Senior Site Reliability Engineer (Tokyo, Japan )
Cookpad is looking for software engineers to join our Site Reliability Engineering team. Our Site Reliability Engineers use systems engineering and software development skills to build and operate the platform behind the largest recipe sharing community in the world. You will be building the systems and tools that enable our engineers to operate and develop Cookpad's global service.
Cookpad is a tech company building a community platform that enables people to share recipe ideas and cooking tips. It’s a global platform used by on average around 100 million people every month across the world. Over 4 million recipes have been created by people in almost 70 countries.
Our mission is to make everyday cooking fun. Because we believe that cooking is the key to a happier and healthier life for people, communities and the planet.
Our heritage is unique: Cookpad was founded in Japan in 1997 and is a listed company in Tokyo.We set up our international HQ in the UK and here we’re a start-up, building the global platform and working with our colleagues around the world.
Cookpad is growing at speed and we’re looking for exceptional people who make things happen and create solutions on the scale we're looking for.
This role is based in Tokyo in Japan.
What you will do:
As a Site Reliability Engineer, you will be responsible for building and operating our infrastructure platform through the following activities.
- Build our highly available, performant and scalable container deployment platform with AWS.
- Design, develop and implement solutions that improve the stability, scalability, availability, and performance of Cookpad's Global service.
- Improve observability of our platform and applications to make troubleshooting process straightforward.
- Assist our product team's availability goals, by introducing Site Reliability Engineering solutions such as resilience engineering and chaos engineering.
- Accelerate software delivery cycle based on numerical metrics such as deploy frequencies, mean time to repair, development lead time, and change fail percentage.
- Participate in operational responsibilities. In the case of incidents, you will be involved in analysing and mitigating root causes as part of our blameless post-mortem culture and build solutions and automation to prevent them from happening again.
This is a senior level role and we are looking for the following skills and experience:
- Experience in software engineering and automation
- SRE/DevOps experience and comfortable operating software in a Linux based environment
- Experiences with deployments of containerized applications by ECS or Kubernetnes
- Familiar with at least one Cloud environment, for example, AWS, GCP, or Azure
- Strong communication skills in English and building working relationships with coworkers in locations around the globe
- Strong coding skills in at least one programming language, and happy to learn Ruby
- Familiar with Infrastructure as Code
- Passion for solving problems using open source software
- Experience with AWS
- Experience operating Ruby on Rails applications
- Solid foundation in deployment and management for large scale of Linux systems
- Understand large-scale complex systems from a reliability perspective
- Solid competency with SQL (ideally in a federated database environment; MySQL a plus)

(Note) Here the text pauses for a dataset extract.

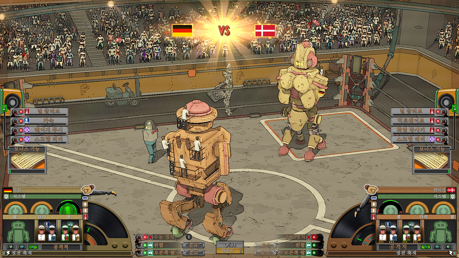 빈티지 아톰펑크/일렉트로 스윙 스타일의 오토 복싱에서 랭크를 올리고 최강의 로봇 파이터들의 자리에 도달하세요!🎵 로봇 복서의 소속 국가와 외형을 선택하고 펀치 카드 어빌리티, 리그 벨트 및 로봇 파츠를 통해 다양한 행동 특성을 부여하거나 속도, 힘, 내구도를 강화할 수 있습니다.

- Understand event sourcing architecture for microservices (Apache Kafka a plus)
- Experience collecting system and application metrics for observability (Prometheus a plus)
- Deep network analysis experience
- Strong Linux system-level analysis capabilities (Ubuntu a plus)

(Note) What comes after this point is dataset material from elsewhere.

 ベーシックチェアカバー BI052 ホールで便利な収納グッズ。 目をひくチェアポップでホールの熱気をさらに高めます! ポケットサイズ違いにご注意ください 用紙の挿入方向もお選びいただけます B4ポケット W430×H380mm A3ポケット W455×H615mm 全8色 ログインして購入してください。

- Knowledge and experiences about highly available and scalable architectures for services expanded in multi-region is a big plus
- Experience delivering Cloud Native Computing Foundation software in production (Kubernetes, Envoy, Prometheus, Fluentd, etc...)
- Contributions to open source
- Location: Ebisu, Tokyo
- Assistance with Japan work visa
- Working Hours: Flex Time (no mandated core time but need to join daily stand-up meetings at 18:00(JST)
- Monthly contract payment (reviewed yearly)
- Work pattern: Monday-Friday
- Holidays: paid leave provisions
The benefits we offer are based on how we can best support your personal and professional well-being.
What happens next?
We’re building a global product with a global team that’s full of world-class talent. Our hiring process is designed to let your talent shine and for us to get to know each other so we know we’re the right fit.
- When we receive your application, it’s reviewed by one of your peers to see if your experience and skills are a match for what we’re looking for in the role. If they are, one of our Talent team will get in touch for a chat. If you’re a developer, it’s great to see some of your sample code via a Github, Stackoverflow, or BitBucket profile.
- We’ll then ask you to complete a tech assignment or task; or maybe to provide some sample code.
- The final step is to meet the team: mainly your team but also people from other teams, including the leadership team.
The Cookpad team is made up of an incredible, diverse range of people. We are proud to be an equal opportunity employer. We do not discriminate based on race, ethnicity, colour, ancestry, national origin, religion, sex, sexual orientation, gender identity, age, disability, veteran status, genetic information, marital status or any other legally protected status.